Methods: To elucidate patterns of HIV spread in universal test-and-treat trials we quantified the contribution of geographic-location, gender, age and randomized-HIV-intervention to HIV transmissions in the 30-community Ya Tsie trial in Botswana (estimated trial population: 175,664).
Results: Deep-sequence phylogenetic analysis revealed that most inferred HIV transmissions within the trial occurred within the same or between neighboring communities, and between similarly-aged partners. Transmissions into intervention communities from control communities were more common than the reverse post-baseline (30% [12.2 – 56.7] versus 3% [0.1 – 27.3]) than at baseline (7% [1.5 – 25.3] versus 5% [0.9 – 22.9]) compatible with a benefit from treatment-as-prevention.
Conclusion: Our findings suggest that population mobility patterns are fundamental to HIV transmission dynamics and to the impact of HIV control strategies.

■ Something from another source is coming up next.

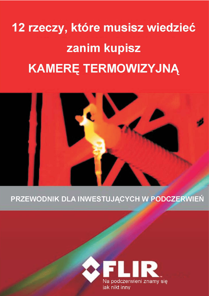 12 rzeczy, które musisz wiedzieć zanim kupisz kamerę termowizyjną Przy zakupie kamery termowizyjnej różni nabywcy kierują się różnymi kryteriami. Dla jednych, decydującą rolę będą odgrywały koszty, podczas gdy dla innych, ważniejsza może okazać się możliwość rozwoju kariery zawodowej poprzez certyfikowane szkolenie. Większości zależy jednak najbardziej na wysokiej jakości i funkcjonalności. Niemal wszyscy boją się jednak dokonać niewłaściwego wyboru, by nie pozostać z kamerą termowizyjną, która jest zbyt ciężka, lub zbyt trudna w użyciu. My, we FLIR, pragniemy Twojego sukcesu. Jeszcze w połowie lat 60 wypuściliśmy na rynek pierwszą kamerę termowizyjną do zastosowań komercyjnych. To my wynaleźliśmy ten rynek. Możesz więc być pewny, że nasza broszura pomoże Ci wybrać najlepszą kamerę termowizyjną! Ponieważ jesteśmy największym na świecie producentem kamer termowizyjnych i prowadzimy największą na świecie organizację szkoleniową – centrum szkolenia podczerwieni Infrared Training Center (ITC) – wiemy o podczerwieni to i owo. Oto „12 rzeczy…” które z pewnością Ci pomogą. Prosimy o zwrócenie uwagi, że używamy terminu „kamera termowizyjna”, lecz równie dobrze możemy użyć pojęcia „kamera na podczerwień” ponieważ oba terminy są równoważne. Jeżeli będziesz miał jakiekolwiek pytania co do prezentowanej niżej treści, lub zechcesz dowiedzieć się jaka kamera byłaby dla Ciebie najlepsza, zadzwoń pod (22 849 71 90). 2 Punkt 1: Kup kamerę, która daje precyzyjne, powtarzalne odczyty. Być może brzmi to jak rzecz oczywista, ale nawet, jeśli wszyscy wiemy iż „Caveat emptor” – tzn. „kliencie, miej się na baczności” – warto o tej oczywistej rzeczy pamiętać. Wyobraź sobie, że kupiłeś kalkulator, ale od czasu do czasu, kiedy dodajesz dwa do dwóch, po naciśnięciu klawisza ze znakiem równości, na ekranie nie pojawia się czwórka! Co gorsza, kiedy kupowałeś ten kalkulator byłeś pewien, że będzie działał poprawnie i tak jak większość ludzi, nie zastanawiałeś się nad jego dokładnością. Zająłeś się więc po prostu swoimi sprawami. Jednak któregoś dnia dostałeś list z banku, że na Twoim koncie jest poważny debet. Zacząłeś od nowa sprawdzać wszystkie liczby i przy tej okazji zauważyłeś, że kalkulator co jakiś czas się myli. Pewnie, mówiąc delikatnie, nie byłbyś szczęśliwy. Co więcej, zależnie od tego, jak poważne są błędy, debet mógłby być niewielki, lub mógłbyś wpaść w niezłe tarapaty. Ujmując rzecz inaczej, podstawową rzeczą, której powinieneś wymagać od Twojej kamery termowizyjnej jest dostarczanie dokładnych, powtarzalnych wyników – podobnie jak w kalkulatorze. O jakich parametrach myślisz, zamierzając kupić kamerę termowizyjną? Po ponad 40 latach doświadczeń w tej dziedzinie FLIR dopracował się stałej, powtarzalnej dokładności, która nigdy się nie pogarsza. Jest to przemysłowy standard +/_ 2% lub 3,6°F, zależnie od tego, która wartość jest większa. Powtórzmy jeszcze raz: „plus minus dwa procenty lub 3,6 stopni Fahrenheita, zależnie od tego, która wartość jest większa.” Tak więc, jeśli kupując kamerę termowizyjną dowiadujesz się, że jej parametry to „plus minus 5% lub nieco więcej niż 3,6° F”, wówczas powinieneś z miejsca ją odłożyć i przestać myśleć o jej zakupie. 3 Dlaczego? Ponieważ kamera, która ma dokładność 5% może – podobnie jak kalkulator w naszym przykładzie – wpędzić Cię w poważne kłopoty. Twoje obrazy i pomiary temperatury będą błędne. Inna analogia, to stwierdzenie: „udało Ci się niemal wybrać właściwy numer telefonu, pomyliłeś się tylko o jedną cyfrę.” Wiesz co? Ten numer jest całkowicie błędny. Czy pamiętasz, jak wcześniej powiedzieliśmy, że podstawowym wymaganiem dotyczącym kamery termowizyjnej jest dawanie dokładnych i powtarzalnych wyników? Istnieją jednak dwa inne wymagania, aby można było spełnić to pierwsze. Aby otrzymać dokładne i powtarzalne rezultaty, trzeba do kamery wprowadzić wartość „emisyjności” (emissivity) i „temperatury odbitej” (reflected temperature), jak zaznaczono strzałką na poniższym rysunku. Nie przejmuj się, jeśli nie wiesz, co oznacza „emisyjność” lub „temperatura odbita.” Jest to zawodowy żargon. Jeśli kupisz kamerę, wkrótce będziesz z nim za pan brat. Będziemy jeszcze mówić o szkoleniach, więc nie musisz zawracać tym sobie głowy w tej chwili. 4 Wracając do naszego przykładu: nie kupiłbyś kalkulatora, który nie miałby klawisza ze znakiem „+” nawet gdyby był po bardzo okazyjnej cenie. Jeśli więc producent chce sprzedać Ci kamerę, która nie ma w menu miejsca na wprowadzenie emisyjności i temperatury odbitej – wówczas kupujesz kalkulator bez klawisza! Punkt 2: Kup kamerę termowizyjną z detektorem o dużej rozdzielczości i dobrą jakością obrazu. Podobnie jak przy kupnie aparatu cyfrowego, im więcej pikseli, tym lepsza rozdzielczość i ostrzejszy obraz. Posłużmy się obrazem z codziennego życia. Powiedzmy, że chcesz kupić telewizor HDTV, ale niestety, Twój operator kablówki jeszcze nie nadaje sygnału HD. Wyobraź sobie teraz, że zwróciłeś się do sprzedawcy od telewizji kablowej z pytaniem: „Właśnie kupiłem telewizor HDTV i chcę go podłączyć do normalnego (tj. nie-HD) kabla w moim mieszkaniu. Czy będę miał na ekranie obraz wysokiej rozdzielczości?” Odpowiedź będzie oczywiście brzmiała: „Nie”. Wszystko dlatego, że normalny kabel nie jest w stanie przenieść sygnału zawierającego ogromną liczbę pikseli obrazu o wysokiej rozdzielczości. Tak więc, nawet jeśli masz telewizor mogący wyświetlać obrazy o wysokiej rozdzielczości, to nie będziesz miał sygnału wysokiej rozdzielczości, a więc wszystko na nic, niezależnie od tego jak dobry jest telewizor. Być może

Funding: This study was supported by the National Institute of General Medical Sciences (U54GM088558); the Fogarty International Center (FIC) of the U.S. National Institutes of Health (D43 TW009610); and the President's Emergency Plan for AIDS Relief through the Centers for Disease Control and Prevention (CDC) (Cooperative agreements U01 GH000447 and U2G GH001911).
Notes
Files
metadata_bcpp_hiv_1c_viral_whole_genome_consensus_seqs_n382_magosi_etal_dryad_submission.csv
Additional details
Related works
- Is cited by
- 10.1101/2021.06.19.21259186 (DOI)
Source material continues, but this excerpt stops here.